The widespread outrage across the nation over the brutal Delhi gangrape has ensured that it will remain a cause célèbre for a long time. So terrible was the crime that the public clamour for swift and almost “instant” justice for its perpetrators was no surprise. Justice Altamas Kabir, Chief Justice of India, showed some sensitivity in this regard, and also a word of necessary caution, when he pointed out that while there was need for swift justice, it must also be rendered in a fair manner and ensure citizens’ basic rights were protected, while inaugurating a fast-track court to try sexual offences in New Delhi this week.
One of the cardinal principles of the rule of law is that justice must not only be done, but also be seen to be done.
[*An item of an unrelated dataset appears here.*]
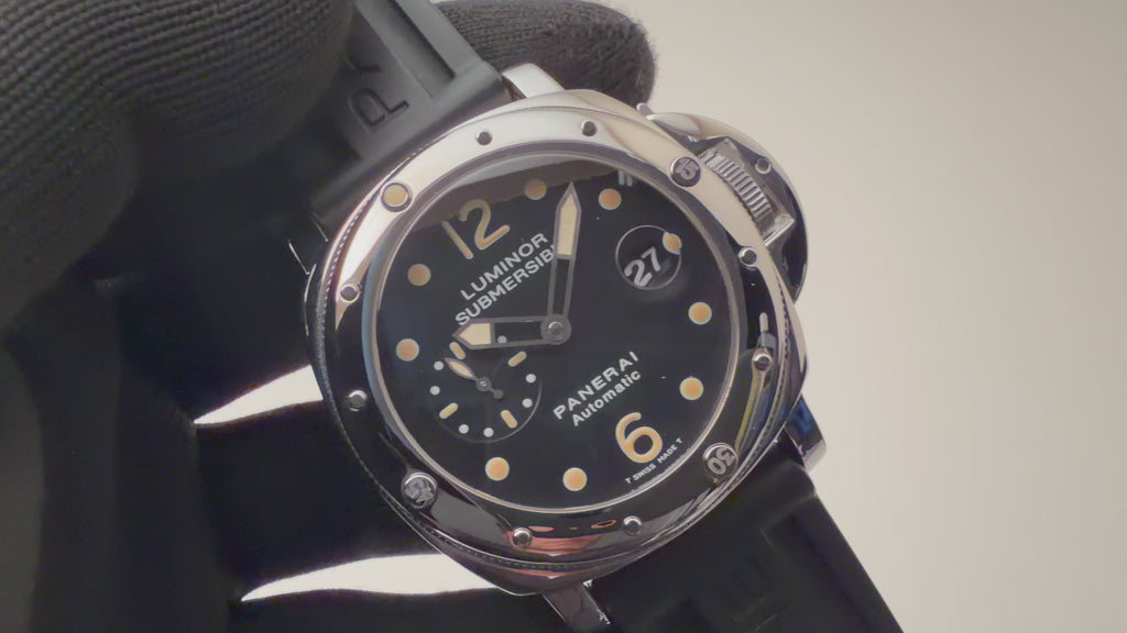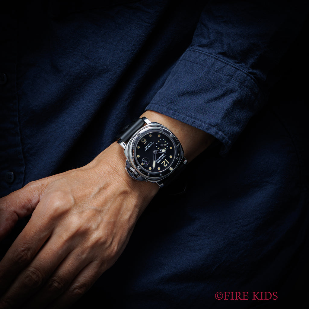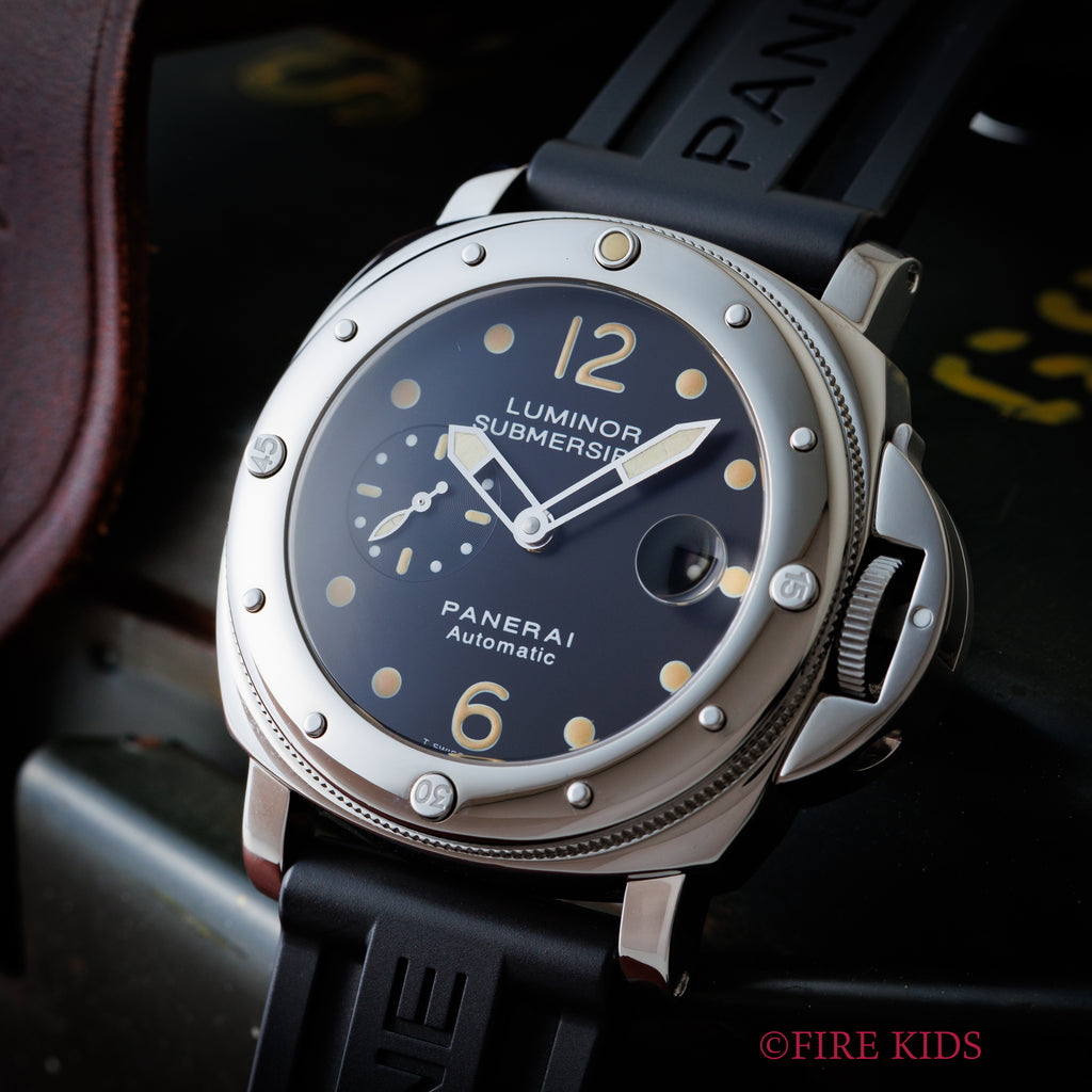 パネライ ルミノール サブマーシブル ピカサブ 2000年製(平成12年製) Ref.PAM00024/OP6527 自動巻 箱ギャラの入荷になります。1950年代にパネライがエジプト海軍の為に制作した防水時計がルーツと言われており、40mmを越える迫力のあるケースサイズかつ厚みがあり存在感があります。ベゼルに目盛りが無く、ポリッシュ仕上げがなされた貴重な初期タイプである通称「ピカサブ」です。フチの無いインデックス夜光が灼けていて良いヴィンテージの雰囲気です。リューズロックが効いていて、日付早送りと時刻合わせの際には開放して操作を行います。ダイヤル、ケースともに小傷はありますが高年式ということもあり特筆すべきダメージはありません。ベルトは純正のラバーベルトに純正尾錠が付いています。

While there is an absolute need for the wheels of justice to move much faster in this country, which has a huge backlog of cases in all kinds of courts and tribunals, what cannot be forgotten is the vital need to ensure that every person has the absolute right to be presumed innocent until proven guilty through due process.
While in the case of the December 16 Delhi gangrape there may be very little doubt about the evidence, which appears rock solid, it would ill behove our justice system if the accused aren’t afforded every opportunity to make their case in court, as would happen if they are denied proper legal representation. And remember, not all evidence in all cases is always open and shut; the police has been known in the past to arrest the wrong people, which is why they are required to prove their charges before an independent judge. Therefore, the reluctance of lawyers to represent the gangrape accused, while understandable (as seen earlier in the Ajmal Kasab case), does nothing to further the cause of justice, as it might be held that the accused did not get a fair trial if they couldn’t make their case in court. The state, therefore, needs to ensure that the accused are not denied a fair hearing.
The establishment of fast-track courts is a welcome signal that the government is waking up to the urgent need for firm action in crimes against women. Since the December 16 Delhi incident, many more such crimes have been reported from across the country. National Crime Records Bureau data shows 24,206 rape cases were registered in India in 2011. If the numbers for 2012 are around the same or more, there would still be a lot of work for the fast-track courts. What we are dealing with is a huge national problem; and getting to the root of it is the real challenge.